It is thoughts of these things, which represent the very best of what living in Auckland has to offer, that sustain me through the dark times, like when the seemingly omnipresent rain confines you to hours indoors waiting for the sun to return, or when you realise a good six months have passed since the last decent band stopped by to perform. Certainly, the promise of better times ahead helped me stay chipper through the recent Christmas break, when some of the worst festive weather on record conspired to prevent me showing visiting friends from the UK my adopted city at anywhere near its peak. Indeed, the endless torrential downpours meant the only guided tour I could give them was one of Auckland’s finest pubs.
There were no such frustrations when we flew across to a sizzling Sydney for a long weekend in mid-November. When I was first preparing to move out here, acquaintances who knew Auckland would often compare it to Sydney, and on visiting Australia’s tourism capital for a second time (following an initial trip three years ago) it became clear to me why. The two cities have much in common: both revolve around a harbour and a series of beaches; both have compact CBDs dominated by needle-like viewing towers; and both come alive in the outer suburbs where little communities have exploded with unfettered charm away from the hustle and bustle of the city centre.
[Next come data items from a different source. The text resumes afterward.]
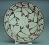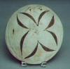 An excellent example of historic pottery from Cochiti Pueblo, this shallow bowl is decorated with elegant floral motifs on both sides and includes two lugs intended to hang the piece vertically. This piece uses the iconic cream colored slip best associated with historic Cochiti pottery. It measures 9″ in diameter by 1 3/4″ deep and is in excellent original condition. Traditionally made and fired, it is an iconic piece of Native American artwork at an excellent price. Highly recommended.
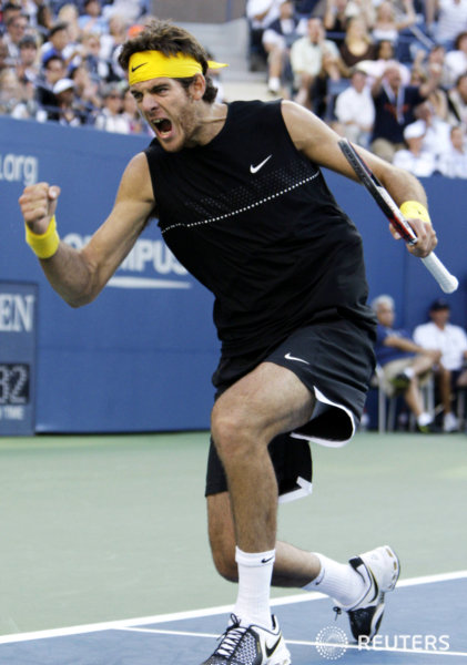 마르틴 델 포트로(아르헨티나)가 15일(한국시간) 뉴욕 빌리진 킹 내셔널 테니스센터에서 열린 US오픈 남자단식 결승전에서 세계랭킹 1위 로저 페더러(스위스)의 대회 6연패와 41연승을 저지한 뒤 포효하고 있다. 뉴욕 | 로이터 연합뉴스
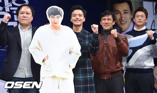 16일 오후 서울 압구정CGV에서 진행된 영화 '내 심장을 쏴라' 쇼케이스에서 배우 출연배우들과 문제용 감독이 포즈를 취하고 있다
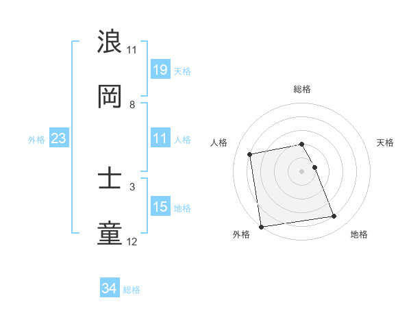 浪岡 士童さんの外格は23画の5点!

But there are differences, and important ones at that. Scale is perhaps the most obvious, with Sydney feeling, as you window shop down one of its central streets or wander along one of its vast white sand beaches, like a bigger, buzzier version of Auckland. Sydney’s population stands at 4.6m versus Auckland’s 1.4m, and you certainly sense more people around you in the former’s bars and restaurants and museums. This inevitably brings with it pros and cons. The busyness lends Sydney more of a European city vibe and the physical and aural presence of locals and tourists does add atmosphere to the sort of places that, in Auckland, can appear lifeless. The downside is that it’s harder to find a table in a café or bar and the crowds can get overwhelming, especially when the whole population appears to be sunbathing on a small handful of beaches on a hot afternoon. And there are many of those. Despite sitting on proximate lines of latitude, Sydney is much warmer than Auckland and even in November, when it was still officially spring, Sydney’s temperatures were pushing an uncomfortable 30 degrees. However, given the complete non-summer Auckland is currently experiencing, I would definitely take a few days of east coast Australian sunshine at the moment.
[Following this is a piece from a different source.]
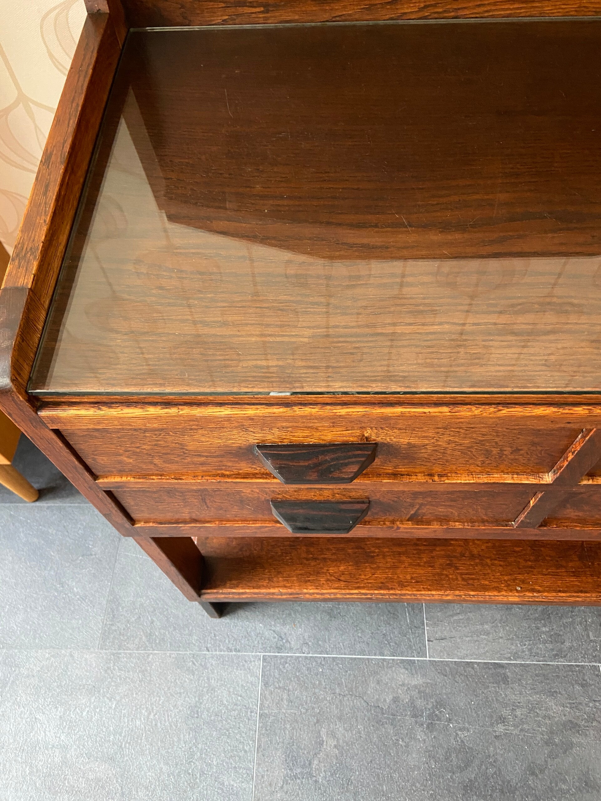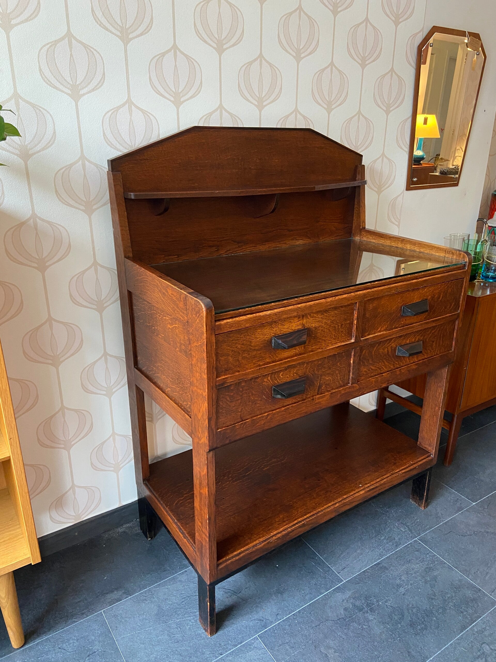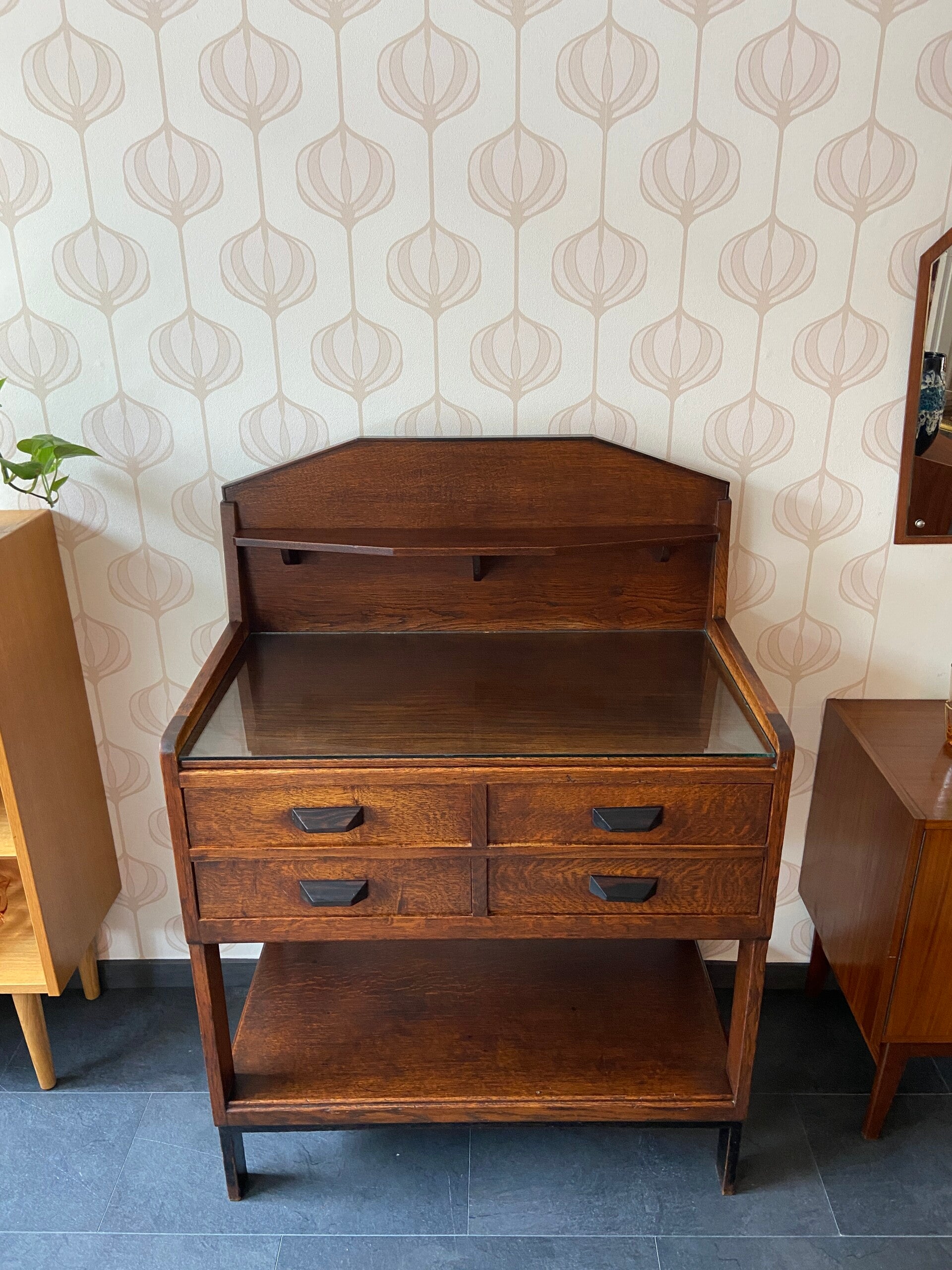 Art Deco Buffetkast met glasplaat en 4 laden

Living in Auckland for fifteen months now, it’s amazing how quickly I have become normalised to its newness and cleanness. The oldest buildings here are no more than 150 years old, which seems a remarkable statistic for someone who has lived in a land as steeped in architectural history as England. Sydney is similarly pubescent compared to the ancient metropolises of Europe, but as we drove around it I saw signs of grime and decline that suggested a slightly older, wearier brother of its New Zealand counterpart. And the quaint pastel facades of The Rocks, the historic area that signposts the site of Australia’s first European settlement, are probably the oldest manmade structures I have seen in the whole of the Antipodes.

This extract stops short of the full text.